9. Considering whether potential extensions of lease terms are likely to impact on the landlord’s intended use of the property (e.g. proposed redevelopment).
10. Ensuring the timely integration of agreed rent reductions and rent freezes into the landlord’s or its property manager’s accounts systems.
11. Considering the landlord’s rights to enforce lease provisions pending the implementation of the legislation in the relevant jurisdiction (including in relation to any existing breaches).
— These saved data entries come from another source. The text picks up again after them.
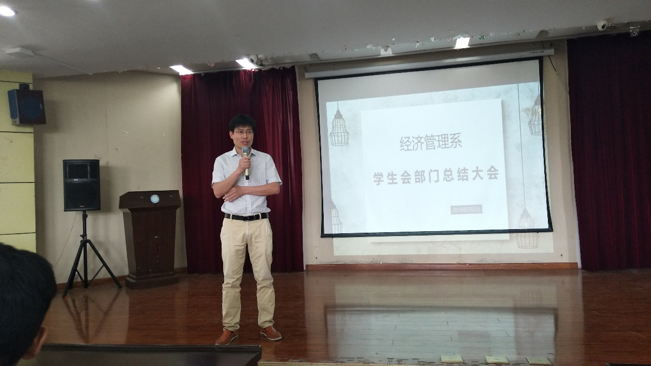 本网讯 5月2日中午,经济管理系学生会在2002c举办部门工作总结大会,参与此次大会的有党总支副书记赵世同、团总支黄浩老师、经济管理系全体学生会干部及干事。
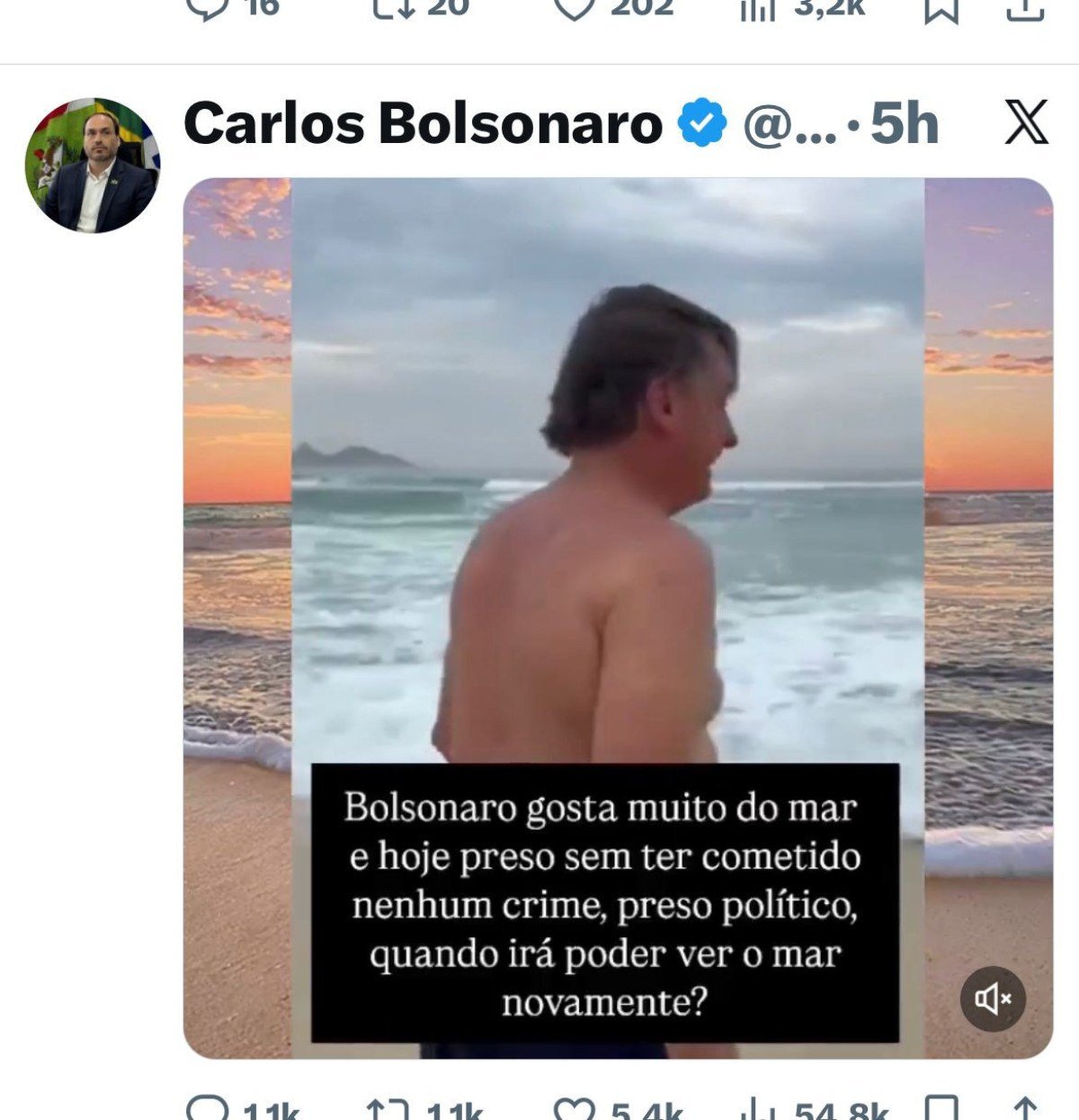 O ex-vereador Carlos Bolsonaro (PL-RJ) usou as redes sociais para comentar a prisão do ex-presidente Jair Bolsonaro (PL). Em publicação, afirmou que o pai “gosta muito do mar” e questionou “quando poderá ver o mar de novo”, em referência ao período em que Bolsonaro permanece na cadeia.
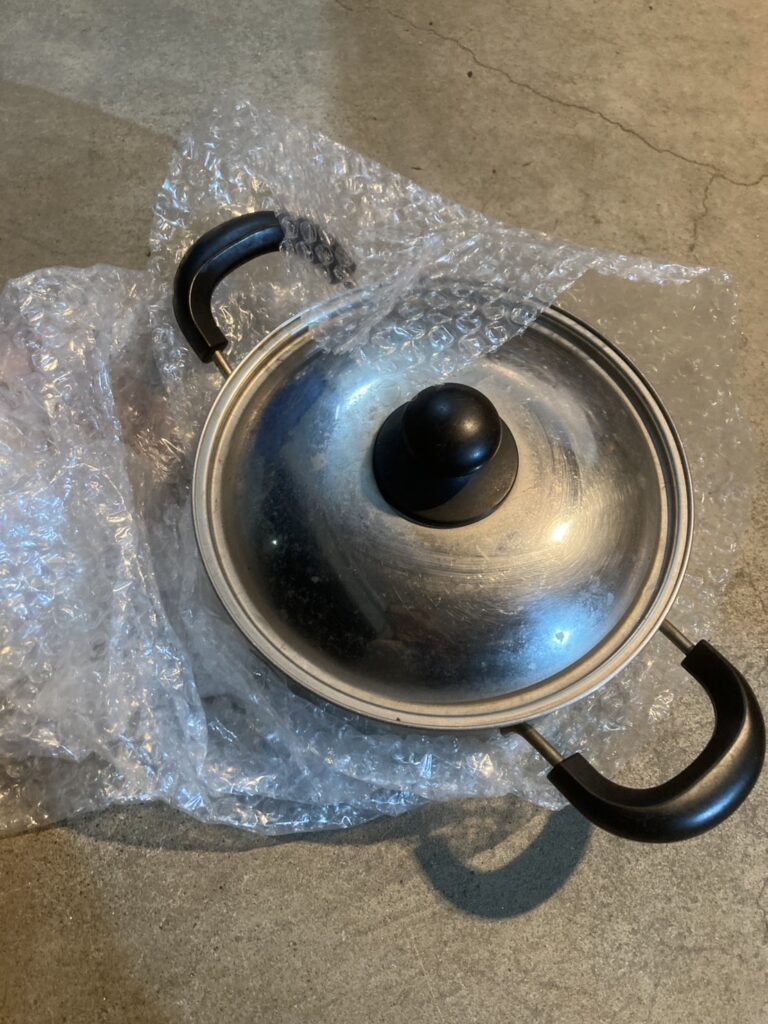 エアキャップで丁寧に包まれているのは、ステンレス製の両手鍋。
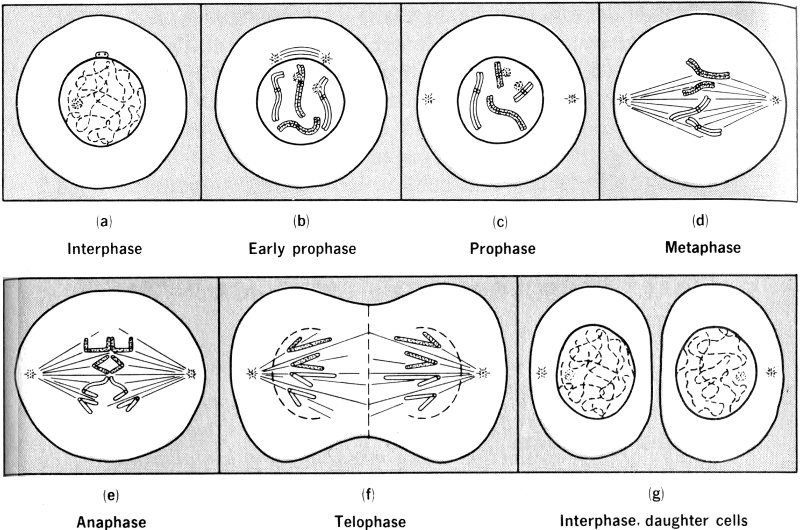 Figure 6 Stages of the mitotic cycle in a hypothetical cell with four chromosomes.
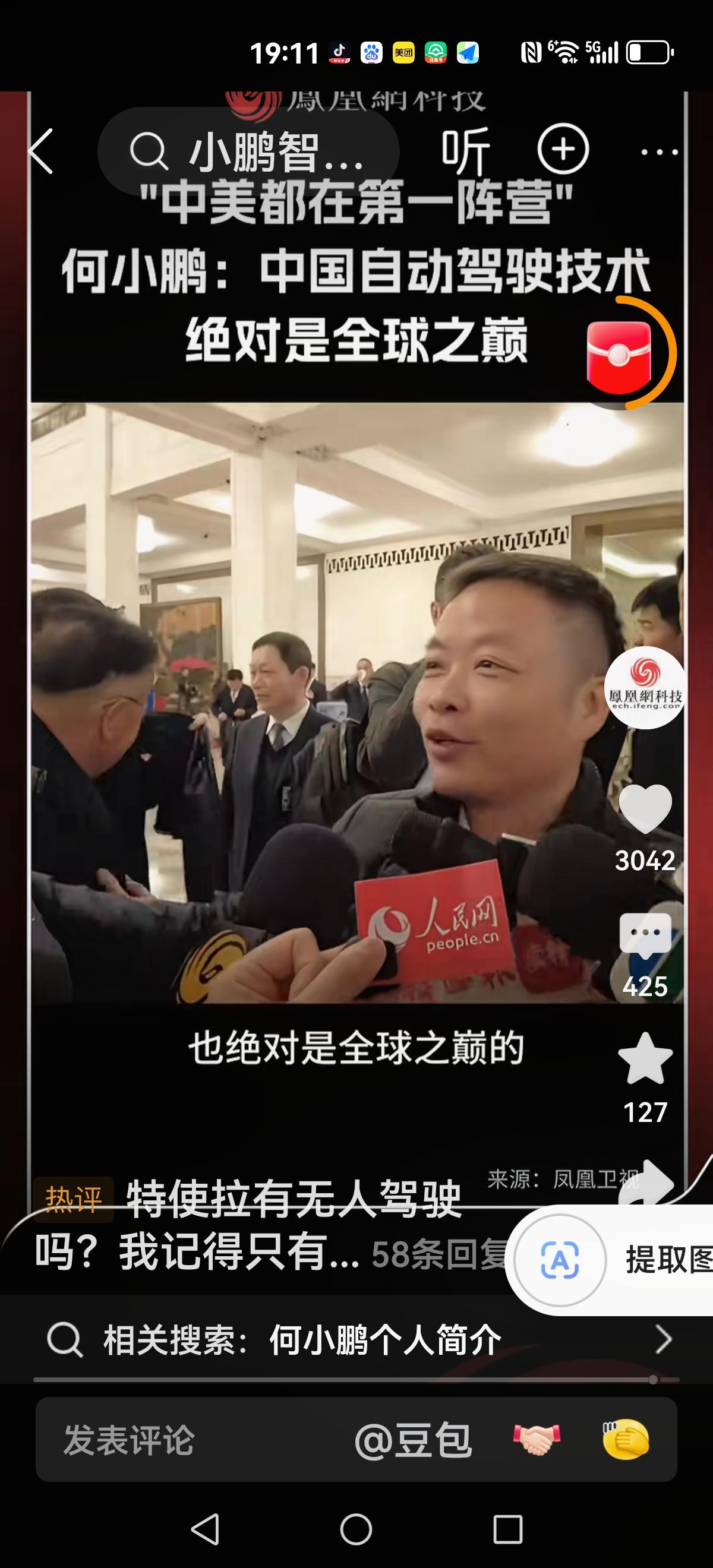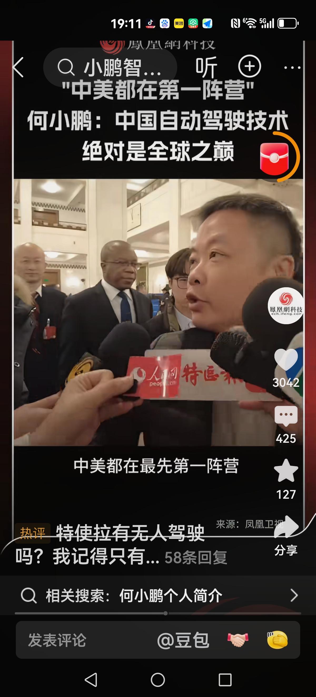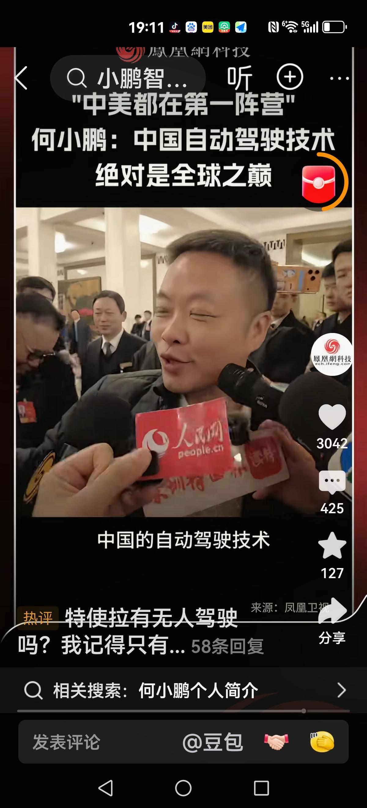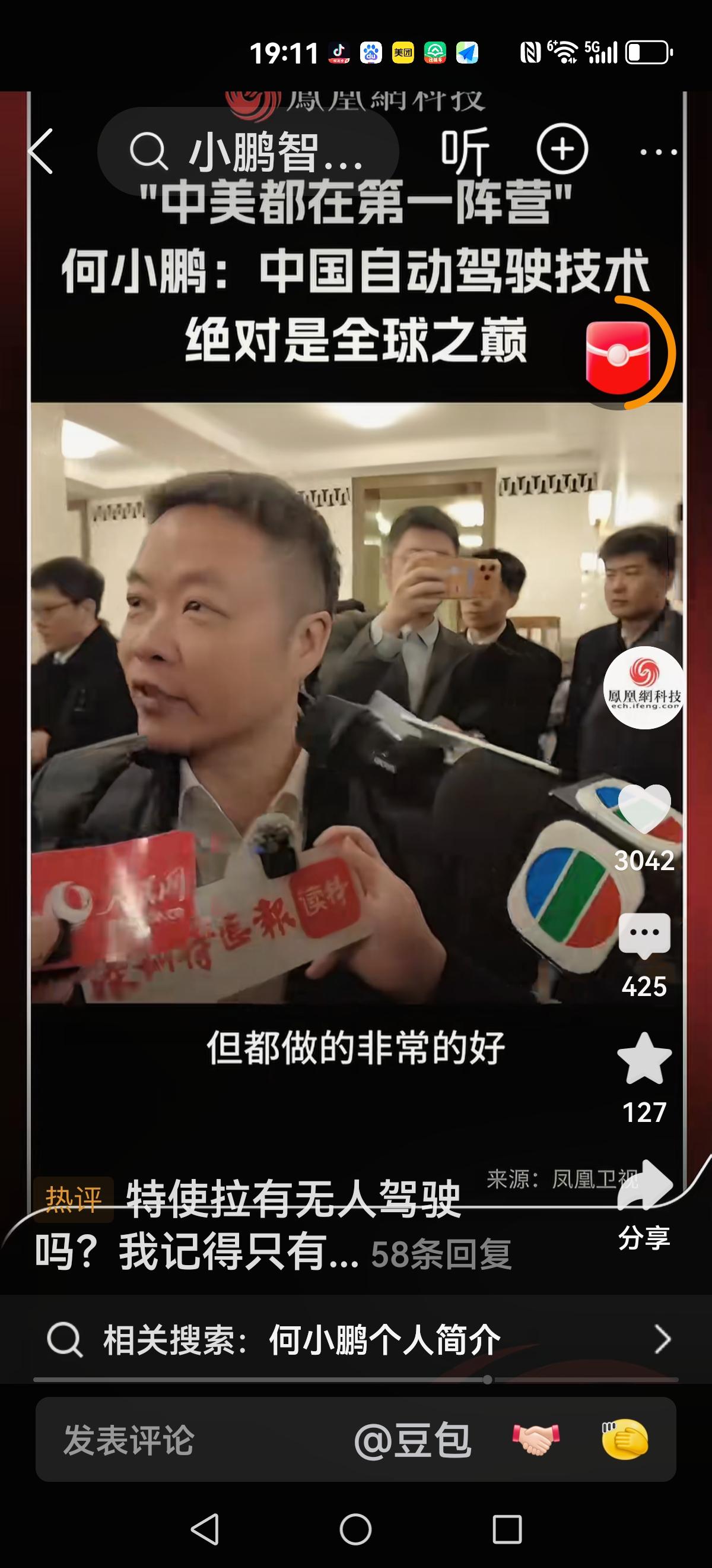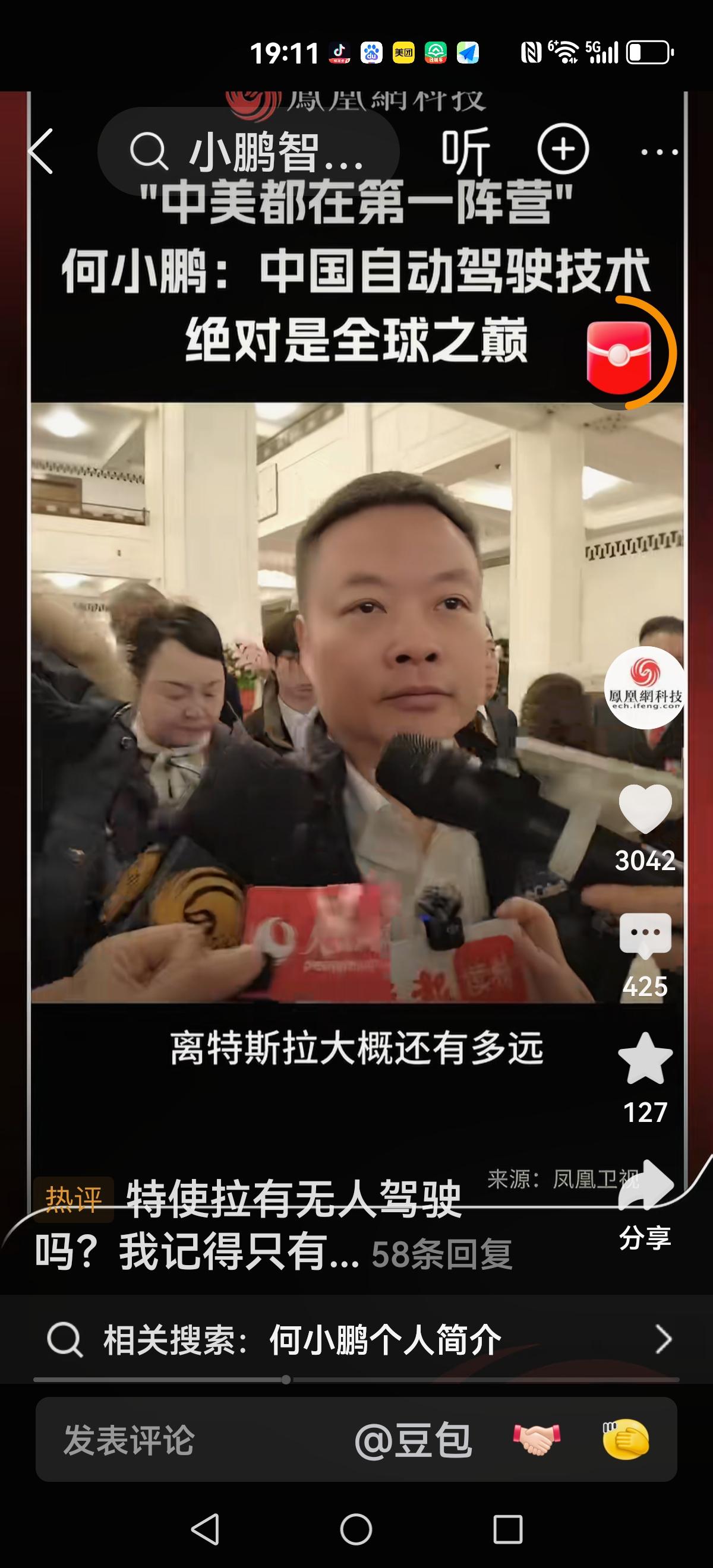 【特斯拉还没有全部自动化】 记者问:特斯拉是不是全面自动驾驶。 回复:还没有,在路上 记者:我们和特斯拉还差多远 回复:中美都在第一阵营,差不多 记者:没有差距? 回复:要相信我们的自动驾驶也是很牛的,绝对是全球之巅。 看来与特斯拉没有太大差距,几乎在同一起跑线。加油
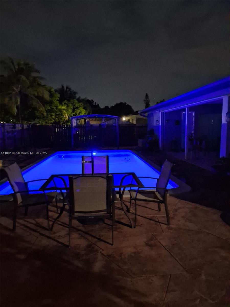 EXCELLENT Opportunity - PRICED TO SELL FAST. NO HOA. This home comes Equipped with Home Theatre system completely wired for speakers and Monitor, CCTV 16 cameras plus monitor with 3 months of rewritable storage. Large Olympic size pool home with 3 bedrooms 2 baths Family room and large Living room on a huge lot 75X100. The spacious fully fenced includes Gazebo and outdoor furniture. New roof Shingle, plus new attic insulation for comfort and efficient utility. Accordion shutters on main Entrance and large Patio opening. All openings have hurricane rated wood panels. Includes an explosion proof Diebold Co. Safe.
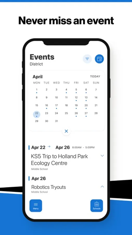 The event section shows a list of events throughout the district. Users can add an event to their calendar to share the event with friends and family with one tap.
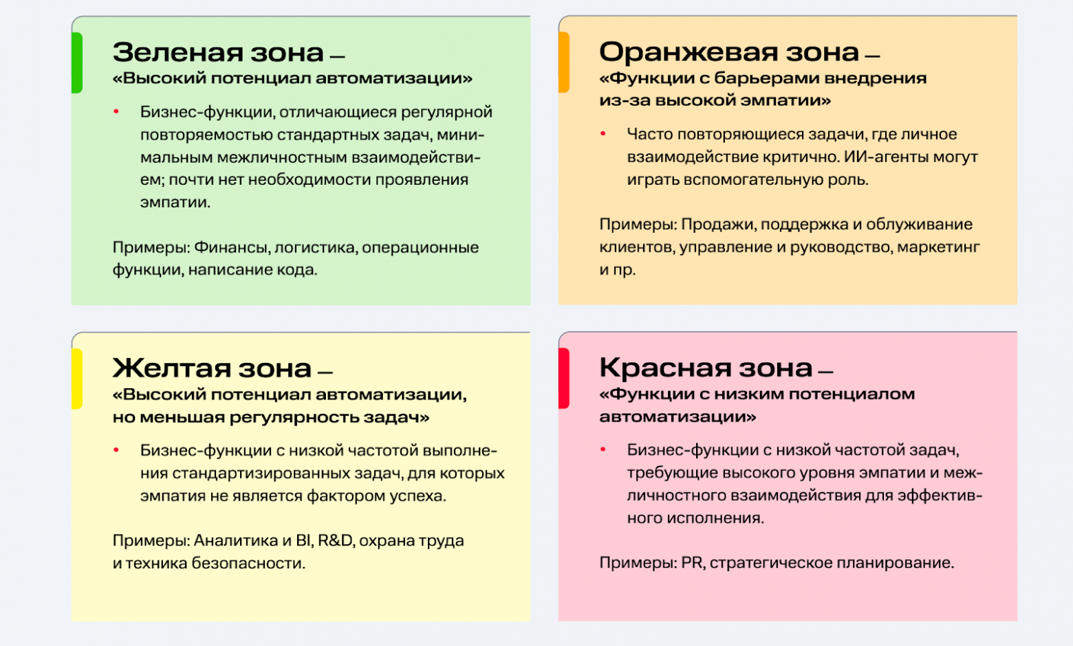 Согласно исследованию, ИИ-агенты перспективны в операционно-ориентированных функциях, где критичны стандартизация и масштаб. Чего у роботов нет, так это эмпатии. Поэтому высок потенциал внедрения у задач вроде закупок, финансовой отчетности, аудита, кода, логистики и операционки.
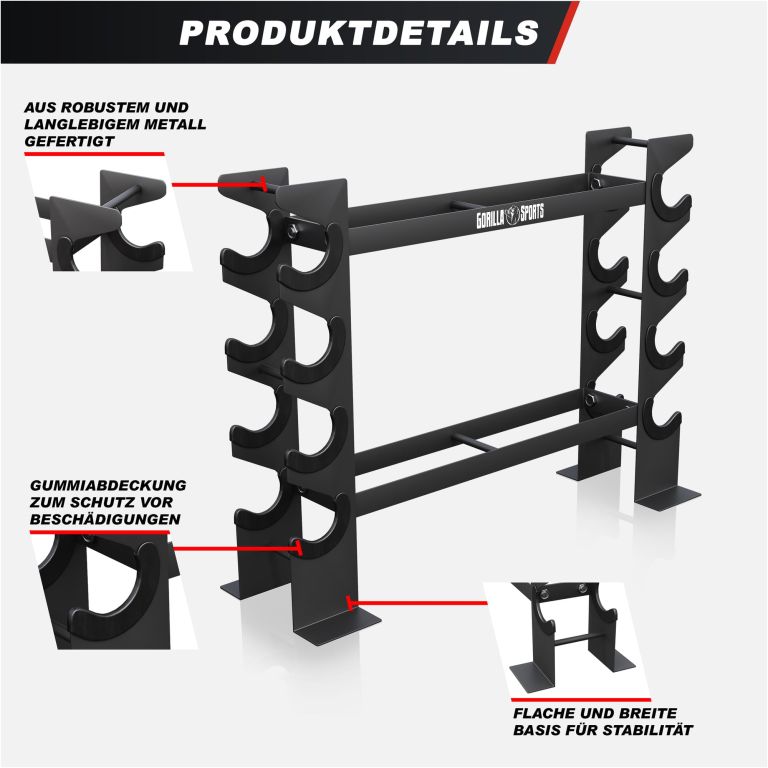 Végre rendet rakhat a tornatermében. A Gorilla Sports súlyzóállvány 8 polccal két szinten segít biztonságosan és áttekinthetően tárolni minden típusú egykezes súlyzót. Az elegáns és kompakt kialakítás minimális helyet foglal, így tökéletesen illeszkedik a kisebb otthoni edzőtermekbe is. Ezenkívül hozzájárul a biztonság növeléséhez nincsenek súlyzók a földön, minden a helyén van és mindig kéznél.
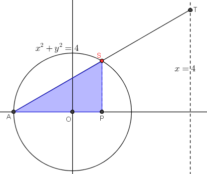 Δίνεται ο κύκλος $x^2+y^2=4$ και το σημείο του $A(-2,0)$. Σημείο $S$ διαφορετικό του $A$, κινείται επί του κύκλου, ενώ $P$ είναι η προβολή του επί του $x$- άξονα.
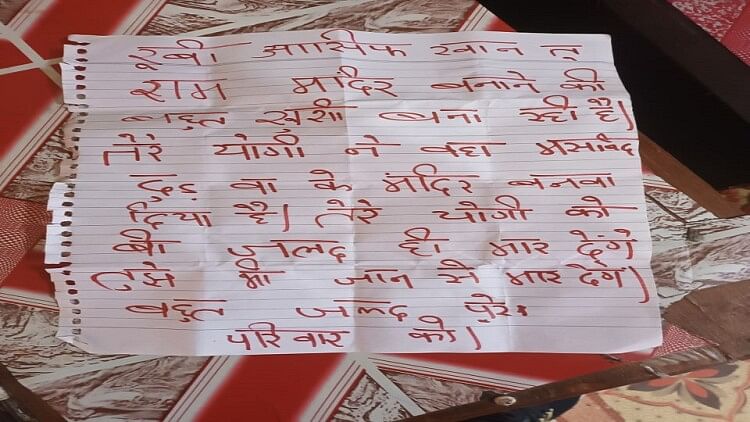 उन्होंने कागज उठाकर देखा तो उस पर लाल रंग में खून जैसे तरल पदार्थ से धमकी लिखी थी। पत्र में लिखा है कि रूबी आसिफ खान तू राम मंदिर बनने की बहुत खुशी मना रही है। तुझे भी मार देंगे और बहुत जल्द तेरे परिवार को भी। साथ ही मुख्यमंत्री को भी धमकी दी गई। इस सूचना पर इलाका पुलिस के साथ-साथ सीओ प्रथम भी मौके पर पहुंच गए।
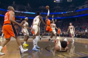GIF-马瑟林抛投造犯规 勇士挑战成功
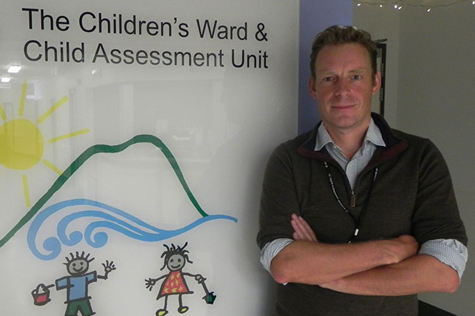 Dr Angus Goodson outside the Tauranga Hospital Children's Ward.

12. Undertaking an audit of all security deposits and bank guarantees held by the landlord to ascertain the expiry dates, if any, of the bank guarantees and to ensure the landlord’s interest in any security deposits have been registered.
13. Considering if tenants should be required to replace any bank guarantee containing an expiry date (to ensure expiry does not occur until the later of the end of the Code Period and the date all rent deferrals are required to be repaid).
14. Considering cost savings (such as reduced security costs, services and cleaning) but taking into account landlords’ obligations under legislation to provide or maintain these services.
Tenants should consider the following:
1. Assessing whether the Code applies to the tenant.
2. Ensuring all turnover information is up to date and gathering information necessary to demonstrate to landlords that the Code applies to the tenant, including information to evidence the reduction in the tenant’s turnover.
3. Considering the nature and form of the rent reduction required to sustain the tenant’s business during the Code Period and into the future.
4. Ensuring that any requests for rent reductions are proportionate to the reduction in the tenant’s turnover.
5. Unless otherwise permitted under the Code (or agreed with the landlord), ensuring continued compliance with the provisions of the lease (failure to do can result in the loss of the protection provided under the Code).
6. Where the Code does not apply to a tenant, but the tenant’s business has been affected by COVID-19, opening discussions with landlords seeking co-operation within the spirit of the Code.
7. Ensuring it has the resources and expertise needed to gather the information needed to apply for Commonwealth Government’s JobKeeper program and to negotiate lease variations with landlords.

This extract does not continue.